The objectives of this study are to clarify the significance of persistent descending mesocolon (PDM), a kind of intestinal malrotation, in laparoscopic colorectal surgery and present potentially useful preoperative diagnostic methods for PDM. Although several risk factors for laparoscopic colorectal surgery have been convincingly reported, the impact of PDM on laparoscopic surgery for colorectal cancer remains less studied. This was an observational study with a retrospective analysis. A consecutive 110 patients undergoing laparoscopic colorectal surgery for colorectal cancer were included. To identify risk factors for operative time of laparoscopic surgery for colorectal cancer, we examined age, sex, body mass index, American Society of Anesthesiologists Performance Status score, tumor location, depth of tumor invasion, lymph node metastasis, and PDM as potential risk factors. For identification of appropriate preoperative diagnostic imaging, we reviewed three-dimensional vessel images reconstructed from computed tomographic slice data of all patients. During the study period, no effective pre- or intraoperative diagnoses of PDM were achieved. A total of 4 patients were diagnosed with PDM. Sex (P = 0.0032); tumor location (P = 0.0044); lymph node metastasis (P = 0.022); and PDM (P = 0.0007) were identified as risk factors based on multivariate analysis. A ventrally branched left colic artery visualized by three-dimensional imaging appeared to be a highly specific feature of PDM. Laparoscopic surgery for colorectal cancer with PDM was difficult without the recognition of PDM. PDM was well-defined preoperatively using three-dimensional vessels images reconstructed from computed tomographic slice data.

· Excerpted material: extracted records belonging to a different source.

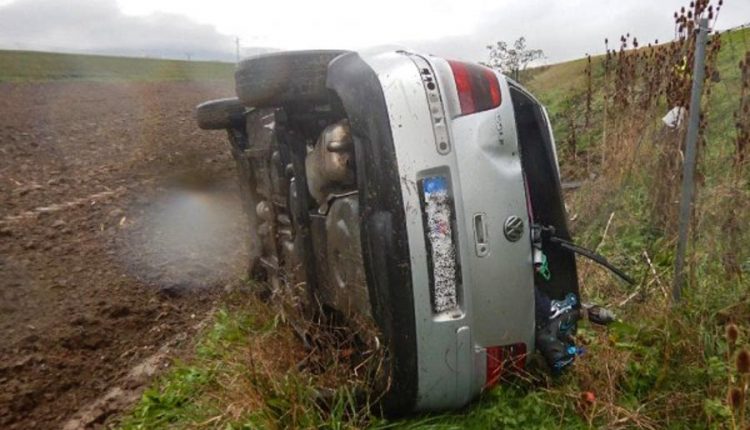 Havarovaný automobil prerazil ochranný plot diaľnice a následne zostal uviaznutý, prevrátený na boku, mimo vozovky. Vodič sa bez zranení nachádzal mimo postihnutého vozidla.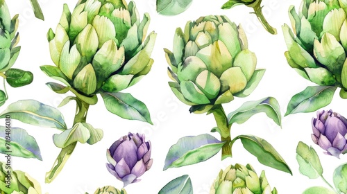 Fototapeta premium Watercolor painting of artichokes on white background. Suitable for kitchen decor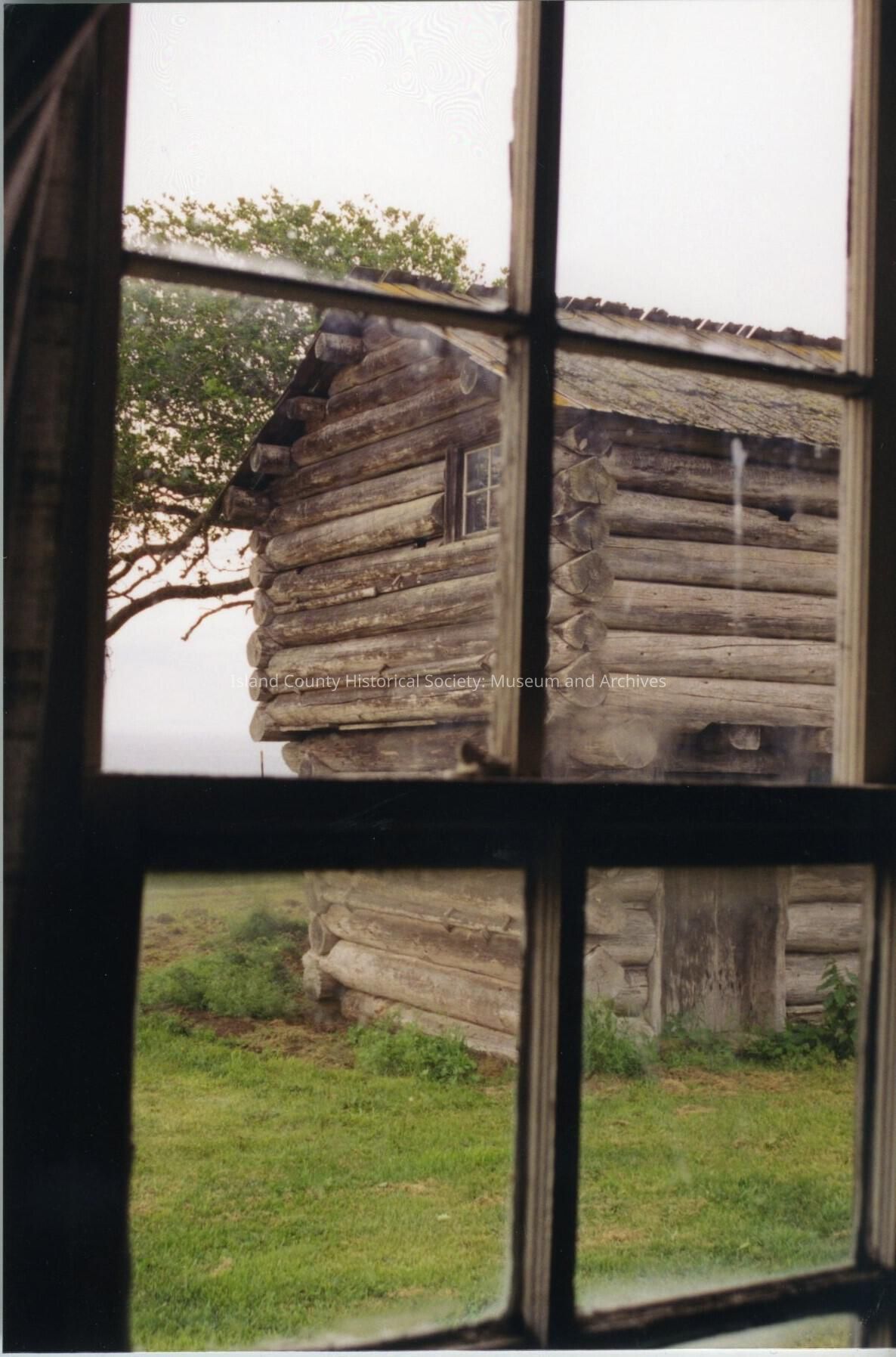 View of the blockhouse from the inside of the Ebey house. You can see the front entrance of the blockhouse as well as the second story window. Also in the picture you can see the tree that is located extremely close to the blockhouse.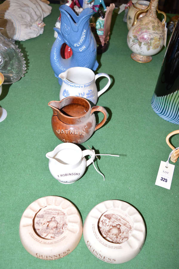 A Dartmouth pottery Devon gurgling fish jug advertising Plymouth Gin; a Crawford Scotch Whisky jug with 'Willow' pattern; a Watneys Ale brown glaze jug; a Robinson's Best Mild jug by Minton; and a pair of Guinness ashtrays.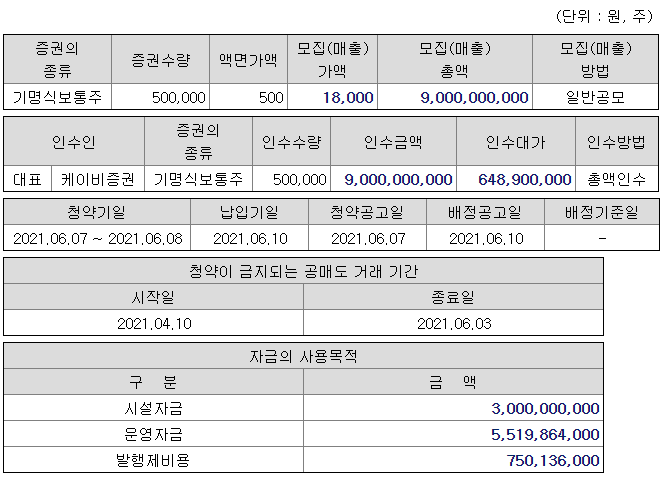 ✔ 공모주식수 : 500,000주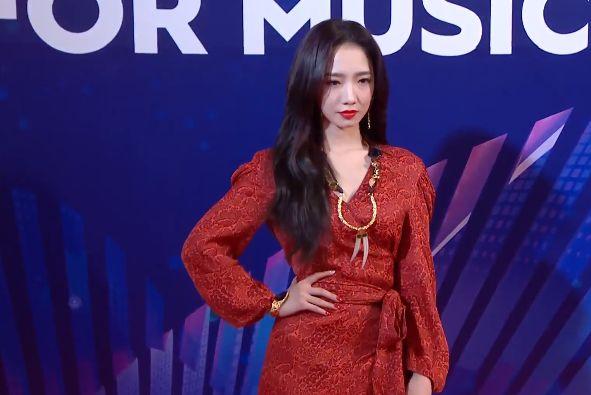 火箭少女101的孟美岐这次以solo歌手身份出席,一身暗纹收腰红裙,红唇配上金色环状项链和摇曳的耳坠,连鞋子都是红色的,整个人又飒又美,发丝随风飘扬撩动人心。

The benefits and safety of laparoscopic surgery for colorectal cancer (CRC) in comparison with conventional open surgery have been well clarified: positive effects including decreased pain, reduced postoperative paralytic ileus, improved postoperative pulmonary function, and reduced postoperative wound infection, result in shorter hospitalization.1–6 The oncologic long-term outcome after laparoscopic surgery for colon cancer is comparable with that after conventional open surgery.7–10 Moreover, due to its magnification effect on visualization, laparoscopic surgery is suitable for complete mesocolic excision, central vascular ligation, and Japanese D3 lymph node dissection, thereby improving the prognosis of the patients.11–14 On the other hand, some reports indicate that risk factors of laparoscopic colorectal surgery include age; obesity; American Society of Anesthesiologists Performance Status (ASA-PS) score; and/or previous radiation therapy.15–17
Persistent descending mesocolon (PDM) stems from failure of the primitive dorsal mesocolon to fuse with the parietal peritoneum.18 The colon might be located midline or even displaced toward the right abdomen where it might become fixed in a position adjacent to the cecum.18 This abnormality was first reported in the gynecologic field,19 followed by a report in the radiologic field.20 During normal embryonic development, following the return of the distal midgut (postarterial segment) to the peritoneal cavity during the 10th week of gestation and subsequent completion of the rotational process, the colon assumes an almost normal configuration.21 On the left side, the hindgut is normally displaced laterally from the midline position by the jejunal loops with the delineation of the future descending colon and splenic flexure. PDM is believed to develop due to abnormalities in this process.21
The impact of congenital positional anomaly of the colon and rectum on laparoscopic colorectal surgery remains more or less unknown. The purpose of the present study was primarily to characterize the features of laparoscopic surgery for CRC patients with PDM and also to identify an effective preoperative diagnostic procedure for PDM.
Materials and Methods
Patients
Medical records, radiologic images, and recorded operative procedures of patients undergoing laparoscopic colorectal surgery for CRC at the Department of Surgery, Itami City Hospital, between January 2013 and June 2014 were used in this retrospective study. This retrospective study was approved by Review Board at Itami City Hospital.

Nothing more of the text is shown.